- Halle Berry as Molly Woods
- First appearance: "Re-Entry"
- Last appearance: "The Greater Good"
- Portrayed by: Halle Berry

In-universe information
- Occupation: ISEA astronaut and scientist
- Family: Dr. John Woods (ex-husband) Quinn (father)
- Children: Ethan Woods (A prototype Humanich) 'The Offspring' (An Alien Hybrid)

= Molly Woods =

Molly Woods is a fictional character from the science fiction drama series Extant, played by Halle Berry. She made her first screen appearance in the show's pilot episode "Re-Entry", which first aired on July 9, 2014 on the CBS network in the United States.

Molly is an astronaut. She is married to John Woods and is the mother of Ethan Woods, a "humanich" android. While aboard a spaceflight to ISEA (the fictional space agency that replaced NASA) space station, she inexplicably becomes pregnant during the 13-month solo voyage. She returns to Earth amid chaotic happenings with her family life while in the space program and unexplained events of the early pregnancy. She goes through medical and psychological tests after returning to ISEA.

==Present time==
The believed dead Harmon Kryger makes an attempt to contact Molly after she has an eventful day with her husband John and son Ethan. From hurried and missed breakfast with John, to the trip to the museum with Ethan which features Ethan with more questions than answers from Molly. Also, the revelation from Sam Barton that her brain scans are just like Krygers, (but he died) and she is 14 weeks pregnant. The night is just as mysterious as the Woods prepare for the next day's events.

Later we see Ethan prepared for interaction with children at school, as Molly defends his place in a school setting to the worried parents. Molly reveals to John, she just signed up for another rotation on the Seraphim, while John was ready to add Ethan to the family. Molly objects saying, "you just can't plug and play a family." Molly's boss interrupts her morning jog to let her in on the Covert program that allowed her to become pregnant by timed release Nano-technology. He mentions her brain scans that matched Kryger's and that's what led to his suicide.

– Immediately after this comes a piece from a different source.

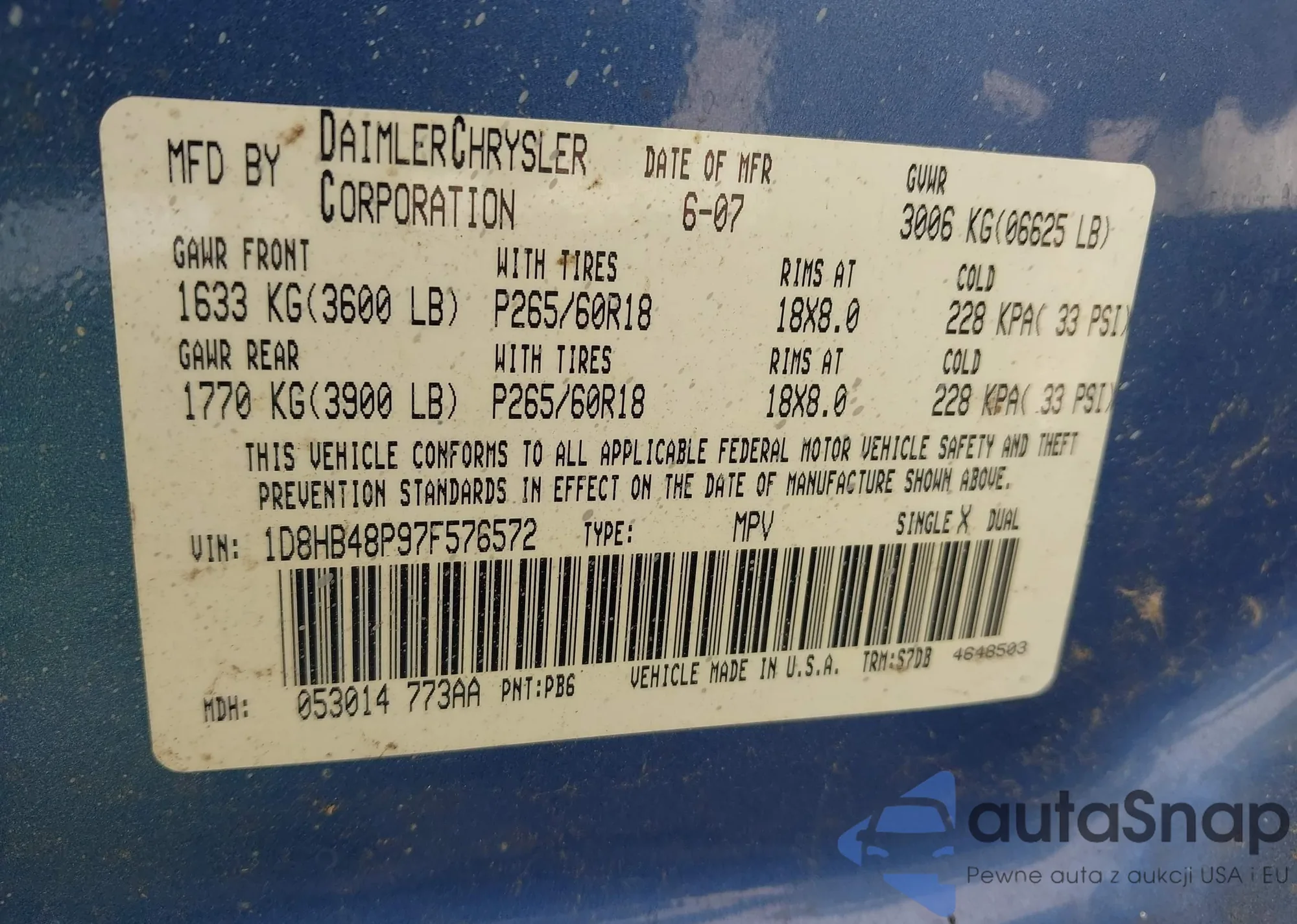 Автомобиль Dodge Durango 2007 (VIN 1D8HB48P97F576572) имеет документы, препятствующие регистрации. Могут возникнуть сложности при экспорте и регистрации. Обратитесь к экспертам AutaSnap для поиска альтернатив.

Unbeknownst to Molly Director Sparks is planning to covertly bring her in for further study with a medical team. Her doctor Dr. Barton, arrives that night to draw a blood sample to determine the DNA of Molly's unborn fetus. Later, Molly reveals to John she is pregnant and that she is afraid he wouldn't believe her.

==Flashbacks to the past==
In the opening, we see Molly in a darkened room reminiscing about earlier times with Marcus. She goes to the bookcase and removes an old photo album, and we see a picture of her with Marcus in his ISEA mission uniform with Molly and it's a moving scene. They begin to look at each other and tighten their embrace. She is interrupted when John appears after putting Ethan in rest mode for the night. Next we see her aboard the Seraphim initiating bio-sample tests on plants and worms, when Ben, her onboard computer (a disembodied voice) tells her of an incoming v-com, or video communication from John and Ethan. The v-com is interrupted by what Ben says is a solar flare. Ben then goes offline while Molly frantically tries to reboot.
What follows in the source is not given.